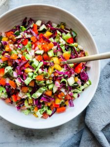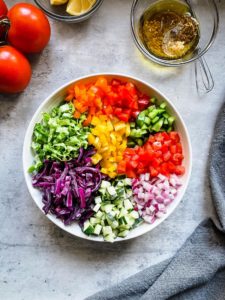 This colorful chopped salad is every bit as fun and delicious as it looks and if you have a beautifully colorful vegetable in your refrigerator, it is welcome in this chopped rainbow salad.
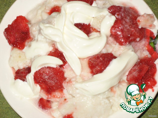 Украшаем клубничкой, перетертой с сахаром (у меня была замороженная масса, думаю, можно измеличить в блендере целые ягоды) - клубничка придает свежесть - и поливаем сметанкой.
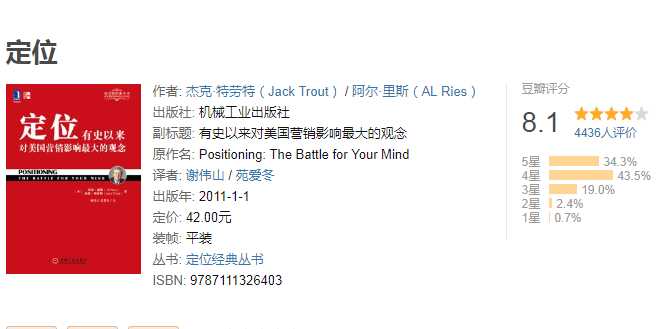 《定位》本书提出了被称为“有史以来对美国营销影响最大的观念”——定位,改观了人类“满足需求”的旧有营销认识,开创了“胜出竞争”的营销之道。(这是我读过最差的一本书,部分内容译得很生硬、甚至前后矛盾,读起来让人皱眉头,最后几章个人定位的部分值得推荐)
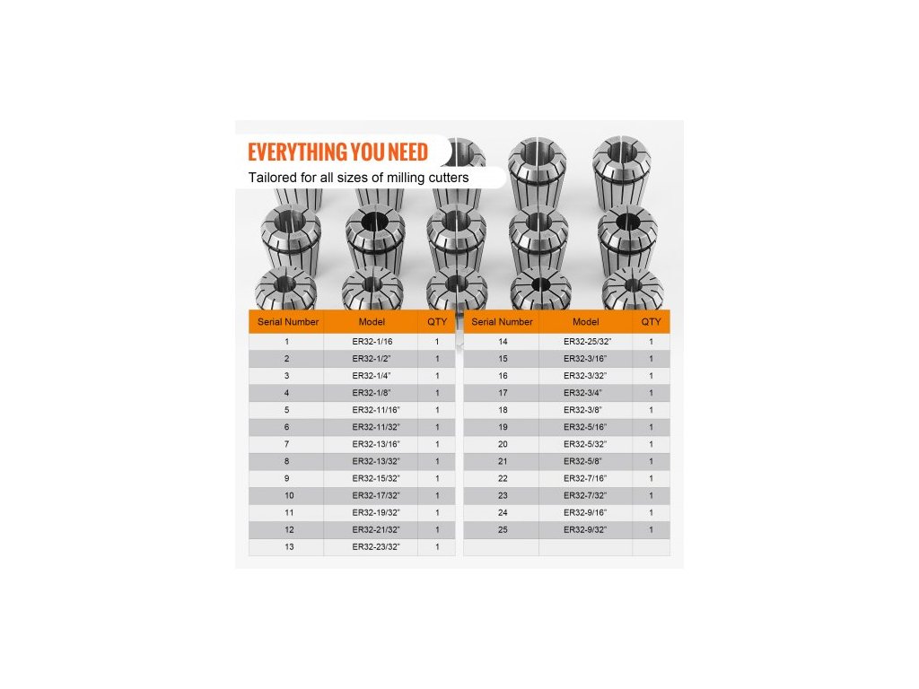 25dílná sada kleštin ER32, 1/16''-13/16'', sada pružinových kleštin ER32, upínací nástroj pro soustruh TIR 0,0006"/15 μm s 25 označenými úložnými boxy, pro CNC gravírovací stroj, frézku, soustruh, vrtačkuKompletní specifikace

Task: Using the listing above, copy every line from the line containing "Украшаем клубничкой, перетертой" through the last one, both included, and no other lines. Pictures stay out.

Result for this task:
 Украшаем клубничкой, перетертой с сахаром (у меня была замороженная масса, думаю, можно измеличить в блендере целые ягоды) - клубничка придает свежесть - и поливаем сметанкой.
 《定位》本书提出了被称为“有史以来对美国营销影响最大的观念”——定位,改观了人类“满足需求”的旧有营销认识,开创了“胜出竞争”的营销之道。(这是我读过最差的一本书,部分内容译得很生硬、甚至前后矛盾,读起来让人皱眉头,最后几章个人定位的部分值得推荐)
 25dílná sada kleštin ER32, 1/16''-13/16'', sada pružinových kleštin ER32, upínací nástroj pro soustruh TIR 0,0006"/15 μm s 25 označenými úložnými boxy, pro CNC gravírovací stroj, frézku, soustruh, vrtačkuKompletní specifikace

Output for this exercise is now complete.